Through the Facebook network, I learnt about a concert on last week. Jazz in the Theatre – Soundtracks was a showcase put on by the WA Academy of Performing Arts last week. The poster says that various jazz and comtemporary ensembles would play a collection of hits of music from musicals.
I wanted to go, and the musicals angle interested my wifey. But what about the kids? Babysitting? It would be nice to go out to a concert, just us, no kids. But we thought it might a good concert to bring the kids to. Yes, adventurous, but it’s good to bring kids to sit down concerts to expand their horizons, learn about concert etiquette, listen to other types of music, and to experience sitting still for ~2 hours!!
Yes it can be a hard decision to bring kids to a concert. Will it be as enjoyable for the two of you?
So here’s a few ideas to help make it an enjoyable experience for the kids, and the parents too!
Ease the kids into jazz and classical concerts with more family friendly and oriented concerts. In Perth, the state symphony orchestra, WASO, and state youth music association, WAYMA, run concerts for kids. There are commentaries on what’s happening and the music chosen is more accessible and shorter and more noise/movement is tolerated by the audience. The WAYMA’s Baby Proms are a good introduction the orchestra and heaps of fun for kids – sort of like the Wiggles but for classical music!

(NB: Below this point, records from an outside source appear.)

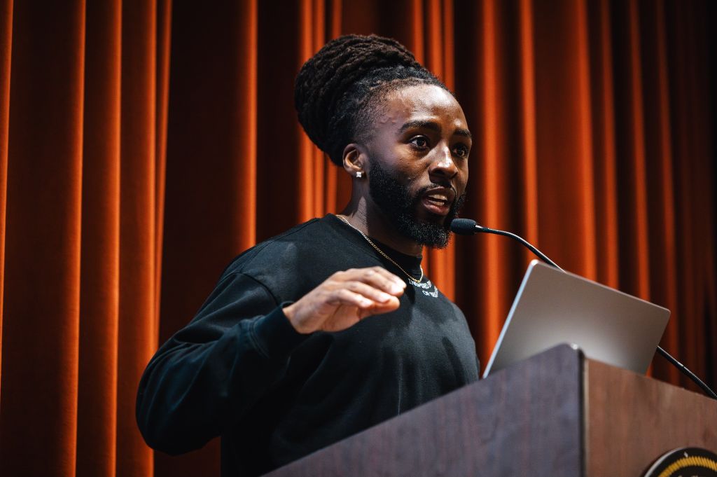 AIC alumnus Devonte Dillion delivers a keynote speech during New Student Orientation on August 29 in the College's Griswold Theatre (photo by Leon Nguyen/AIC)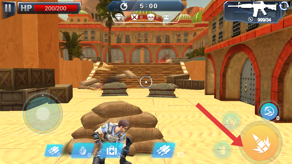 2、战斗场景用左侧摇杆移动,右侧射击、技能按钮攻击,躲在沙袋后卡视野,优先爆头清敌,完成条件。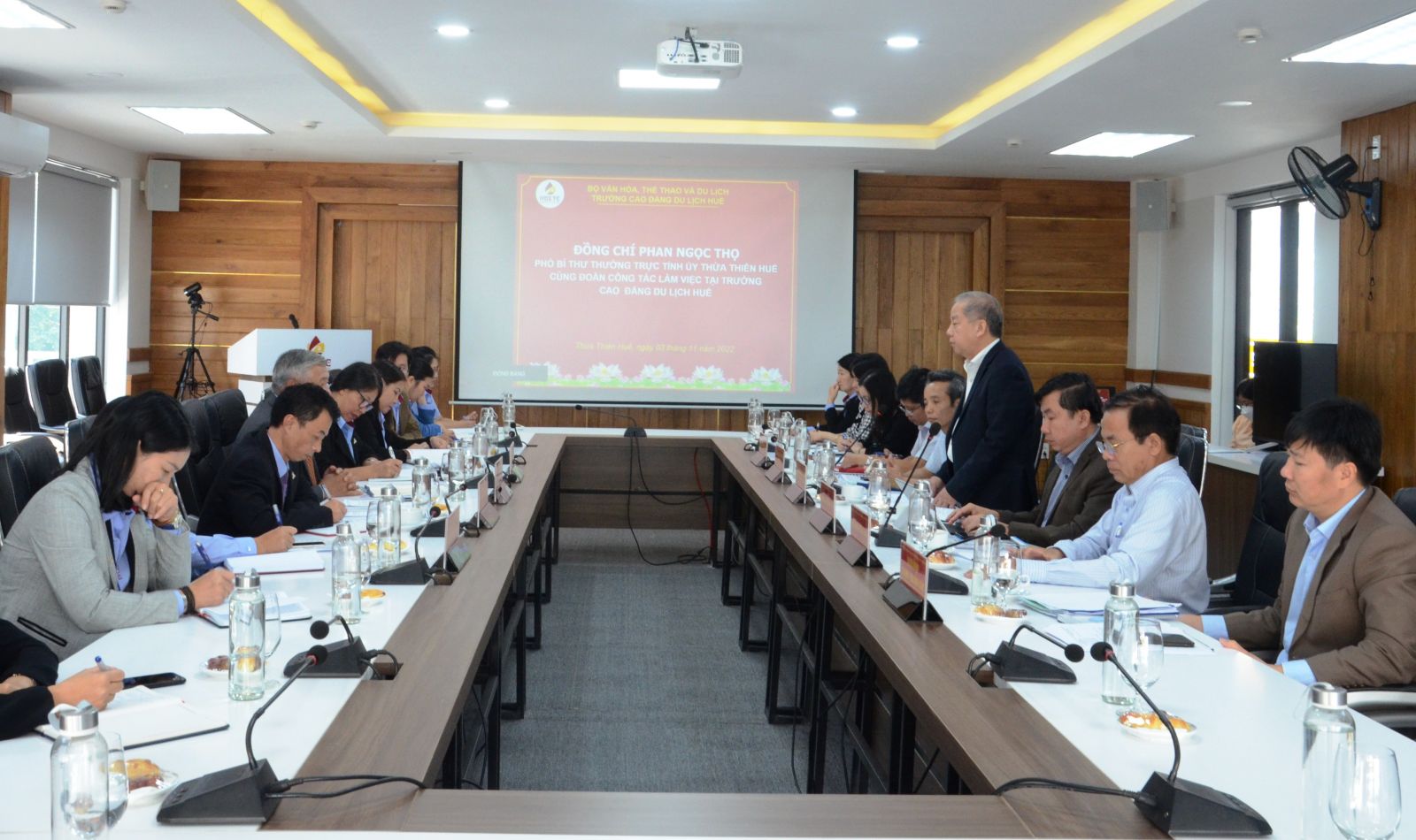 Kết luận buổi làm việc, Phó Bí thư Thường trực Tỉnh ủy Phan Ngọc Thọ bày tỏ vui mừng khi trường khẳng định được vai trò, vị trí trong lĩnh vực đào tạo nghề du lịch. Ông Phan Ngọc Thọ đánh giá cao tinh thần đoàn kết, sự nỗ lực của tập thể nhà trường, đội ngũ giảng viên có tâm huyết, am hiểu chuyên môn, am hiểu thực hành, có trình độ, chuyên môn cao. Đồng thời đề nghị nhà trường tiếp tục hội nhập vươn lên là cơ sở hàng đầu về đào tạo nghề trong cả nước, tiếp tục thu hút và lan tỏa nguồn nhân lực đào tạo về du lịch, đặc biệt phải hướng tới mục tiêu đạt tiêu chuẩn Đông Nam Á.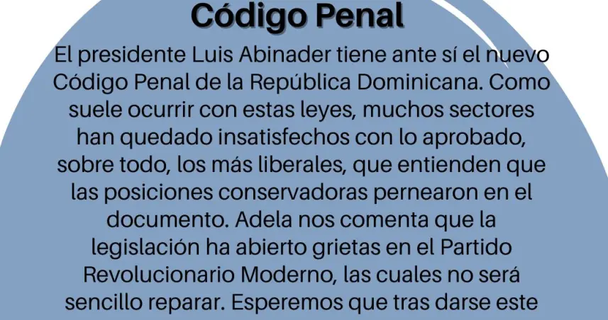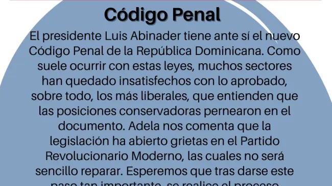 El presidente Luis Abinader tiene ante sí el nuevo Código Penal de la República Dominicana. Como suele ocurrir con estas leyes, muchos sectores han quedado insatisfechos con lo aprobado, sobre todo, los más liberales, que entienden que las posiciones conservadoras pernearon en el documento. Adela nos comenta que la legislación ha abierto grietas en el Partido Revolucionario Moderno, las cuales no será sencillo reparar. Esperemos que tras darse este paso tan importante, se realice el proceso requerido de ver mejoras y someterlas lo antes posible, por el bien de todos.

Get the kids familiar with some of the pieces which will be performed at the concert. Maybe make a CD with some of the tunes that are on the program and play it in the car or at home. At the Jazz in the Theatre performance, many of the tunes were actually from movies, so watching those shows beforehand is good preparation.
Even better, if your child learns a musical instrument or singing, perhaps they can play easy versions of some of the concert pieces. For us, some of the songs was singing repetoire for our daughters, so this definitely kept her engaged for part of the concert.
Talk about the various instruments that will be played with your kids. Ask them to pick out which ones they like best, to describe the sounds each make during the concert, etc. At the interval, we asked the kids which person they’d like to be if they were in the concert itself.
Make it a special night out for the family! We talked about it during the week leading up to the night. On the night itself, we got the kids dressed up and said it was going to be a treat because we were letting them stay up late on a school night. We kept it positive about staying up late that one night but knew that they would probably get tired during the concert, but didn’t make a fuss about it. It was hard for them to wake up the next morning, but we accepted this.
Try more informal jazz concerts or university/college classical concerts first. I’m not trying to downplay the importance of any type of ensemble, but the more prestigious classical ensembles may attract more formal audiences who are less tolerant of fidgety kids. Plus, those type of concerts may feature longer, more difficult listening music that would be hard to entertain kids. Jazz performances are inherently more informal, which may be easier to bring kids to.
Check out the type of venue. Outdoor concerts may be easier to bring kids to than concert halls as they may allow more movement and noise.
Have backup! Bring along some quiet writing/reading activity just in case their attention really starts to wander. But only as backup! They could draw pictuers of the instruments, or a picture of what the music sounds like.
So what was it like for us? The kids were great overall, but our 9yo did get tired in the second half. They loved the Aristocats arrangement the best (actually so did I!).